### Work required
Would you repeat word for word the lines of the listing that follows, from the one with "Waffle knit, cherry" up to and including the one with "Figure 1a,b). In", and leave out the images?

### Raw data
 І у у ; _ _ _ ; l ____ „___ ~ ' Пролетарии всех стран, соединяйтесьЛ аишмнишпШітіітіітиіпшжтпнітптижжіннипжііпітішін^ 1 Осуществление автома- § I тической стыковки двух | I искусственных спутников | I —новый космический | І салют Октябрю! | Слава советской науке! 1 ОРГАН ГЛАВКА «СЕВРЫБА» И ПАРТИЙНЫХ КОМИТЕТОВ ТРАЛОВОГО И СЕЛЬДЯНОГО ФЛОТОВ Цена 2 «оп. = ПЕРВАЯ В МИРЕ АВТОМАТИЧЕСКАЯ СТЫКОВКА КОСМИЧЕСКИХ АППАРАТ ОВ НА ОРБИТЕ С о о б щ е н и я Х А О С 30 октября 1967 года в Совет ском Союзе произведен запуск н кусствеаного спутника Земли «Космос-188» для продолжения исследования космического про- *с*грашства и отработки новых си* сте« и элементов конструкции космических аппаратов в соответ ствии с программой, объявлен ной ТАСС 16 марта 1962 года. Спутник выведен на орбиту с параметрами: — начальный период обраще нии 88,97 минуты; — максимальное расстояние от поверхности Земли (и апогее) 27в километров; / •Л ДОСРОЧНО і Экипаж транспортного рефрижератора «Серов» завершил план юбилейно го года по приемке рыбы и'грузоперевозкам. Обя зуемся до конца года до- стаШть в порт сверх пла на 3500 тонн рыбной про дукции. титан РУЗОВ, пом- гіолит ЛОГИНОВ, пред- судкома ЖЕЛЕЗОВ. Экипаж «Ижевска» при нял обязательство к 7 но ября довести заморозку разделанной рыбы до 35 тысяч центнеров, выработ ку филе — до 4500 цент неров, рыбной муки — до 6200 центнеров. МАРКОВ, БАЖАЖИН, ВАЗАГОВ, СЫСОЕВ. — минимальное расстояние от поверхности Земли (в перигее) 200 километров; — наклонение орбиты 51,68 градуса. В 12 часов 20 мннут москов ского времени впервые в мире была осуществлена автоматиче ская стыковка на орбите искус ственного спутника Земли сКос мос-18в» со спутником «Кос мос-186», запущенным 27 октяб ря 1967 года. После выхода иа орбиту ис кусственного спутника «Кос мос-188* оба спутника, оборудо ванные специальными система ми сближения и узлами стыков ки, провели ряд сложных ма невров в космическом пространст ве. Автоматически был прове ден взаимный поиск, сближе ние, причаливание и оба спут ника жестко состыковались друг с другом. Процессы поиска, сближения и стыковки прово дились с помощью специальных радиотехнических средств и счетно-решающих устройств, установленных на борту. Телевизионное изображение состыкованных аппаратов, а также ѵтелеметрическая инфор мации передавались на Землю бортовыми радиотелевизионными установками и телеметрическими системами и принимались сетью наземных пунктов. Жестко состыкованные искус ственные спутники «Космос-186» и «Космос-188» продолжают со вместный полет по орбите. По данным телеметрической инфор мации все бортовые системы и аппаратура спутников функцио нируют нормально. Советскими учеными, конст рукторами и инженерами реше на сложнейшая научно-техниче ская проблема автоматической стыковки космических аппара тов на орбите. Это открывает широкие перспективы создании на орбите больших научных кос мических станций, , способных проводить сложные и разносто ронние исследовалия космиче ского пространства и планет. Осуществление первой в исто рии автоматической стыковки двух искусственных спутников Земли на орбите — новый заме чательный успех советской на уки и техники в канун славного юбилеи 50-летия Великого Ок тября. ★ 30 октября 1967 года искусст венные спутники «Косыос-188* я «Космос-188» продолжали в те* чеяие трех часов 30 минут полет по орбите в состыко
* * *
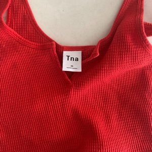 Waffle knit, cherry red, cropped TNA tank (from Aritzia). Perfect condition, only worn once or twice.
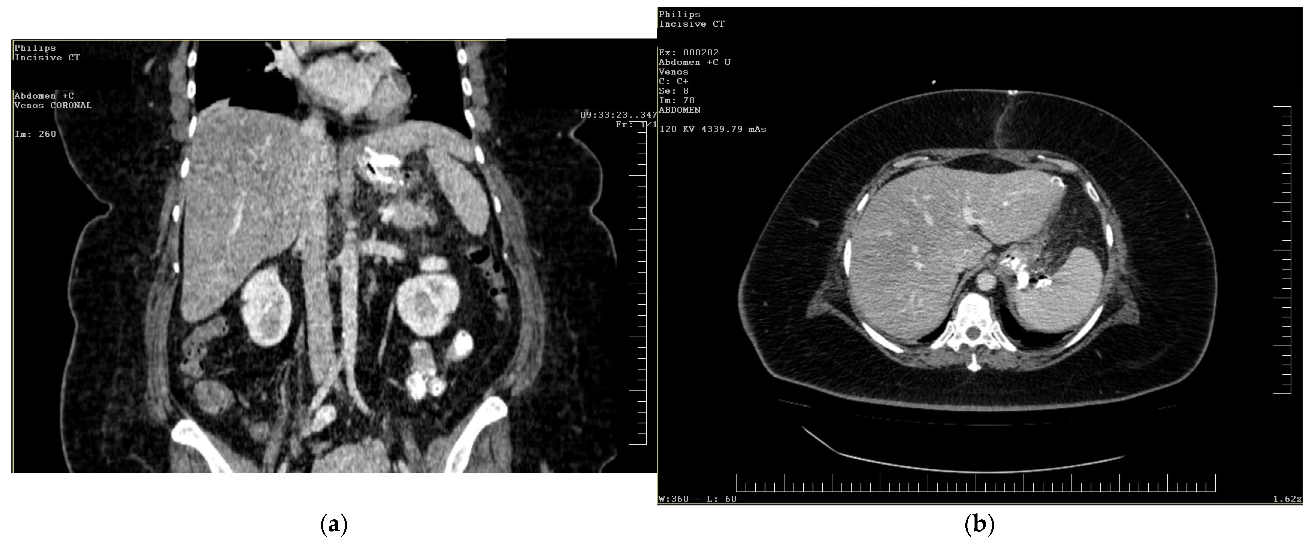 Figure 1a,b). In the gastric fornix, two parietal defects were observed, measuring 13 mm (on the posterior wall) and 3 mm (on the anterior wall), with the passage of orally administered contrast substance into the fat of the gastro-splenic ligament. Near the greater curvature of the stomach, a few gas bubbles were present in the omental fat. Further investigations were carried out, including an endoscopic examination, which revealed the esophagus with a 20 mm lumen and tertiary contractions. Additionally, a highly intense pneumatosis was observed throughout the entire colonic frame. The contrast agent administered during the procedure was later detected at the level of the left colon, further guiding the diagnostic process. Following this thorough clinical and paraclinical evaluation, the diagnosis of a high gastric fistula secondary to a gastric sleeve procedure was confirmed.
---
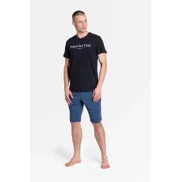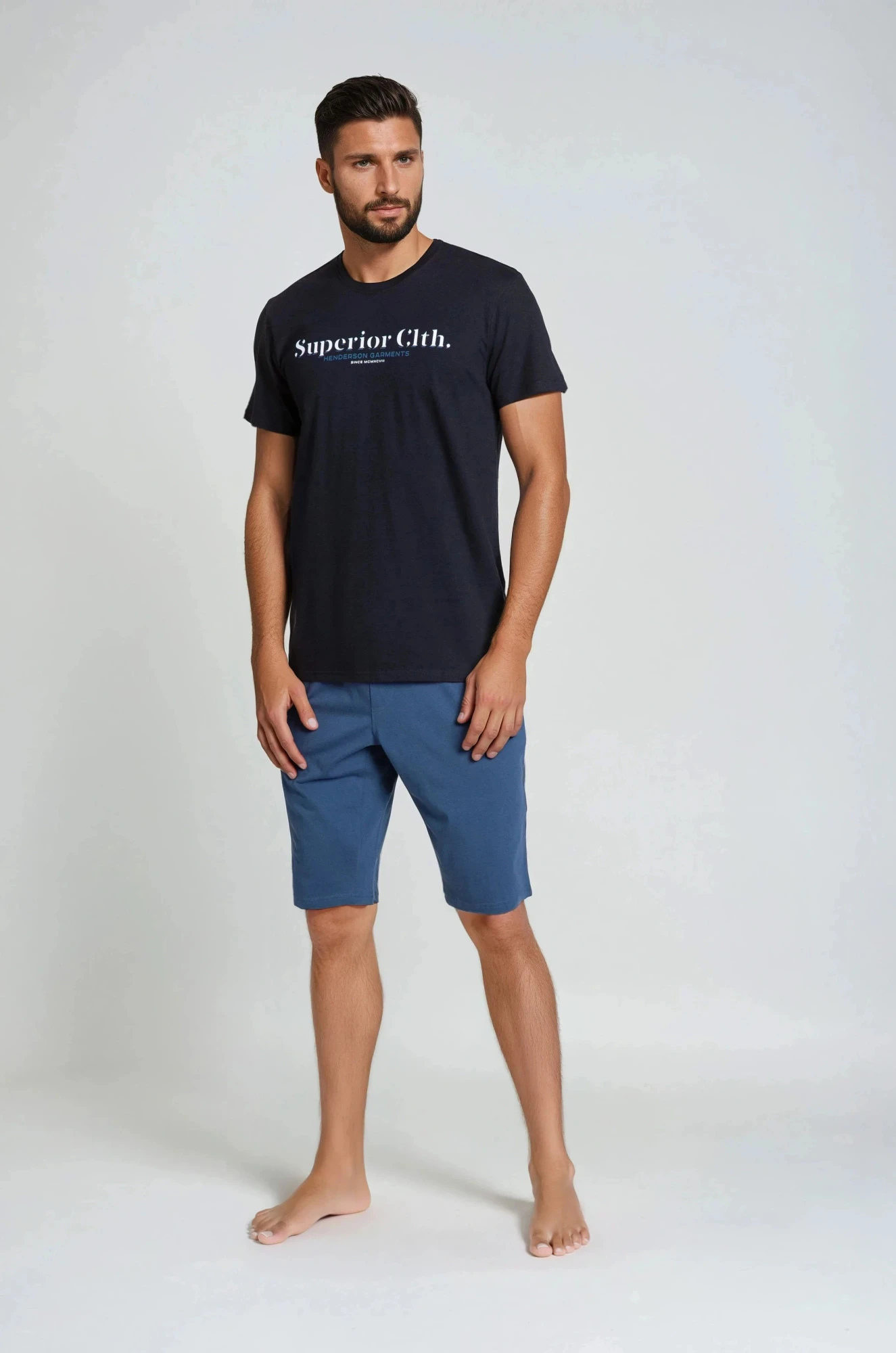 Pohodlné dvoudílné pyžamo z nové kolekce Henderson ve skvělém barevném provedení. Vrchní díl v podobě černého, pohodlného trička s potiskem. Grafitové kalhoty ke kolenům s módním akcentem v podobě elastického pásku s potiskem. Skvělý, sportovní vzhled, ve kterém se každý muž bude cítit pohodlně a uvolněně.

### Task output
 Waffle knit, cherry red, cropped TNA tank (from Aritzia). Perfect condition, only worn once or twice.
 Figure 1a,b). In the gastric fornix, two parietal defects were observed, measuring 13 mm (on the posterior wall) and 3 mm (on the anterior wall), with the passage of orally administered contrast substance into the fat of the gastro-splenic ligament. Near the greater curvature of the stomach, a few gas bubbles were present in the omental fat. Further investigations were carried out, including an endoscopic examination, which revealed the esophagus with a 20 mm lumen and tertiary contractions. Additionally, a highly intense pneumatosis was observed throughout the entire colonic frame. The contrast agent administered during the procedure was later detected at the level of the left colon, further guiding the diagnostic process. Following this thorough clinical and paraclinical evaluation, the diagnosis of a high gastric fistula secondary to a gastric sleeve procedure was confirmed.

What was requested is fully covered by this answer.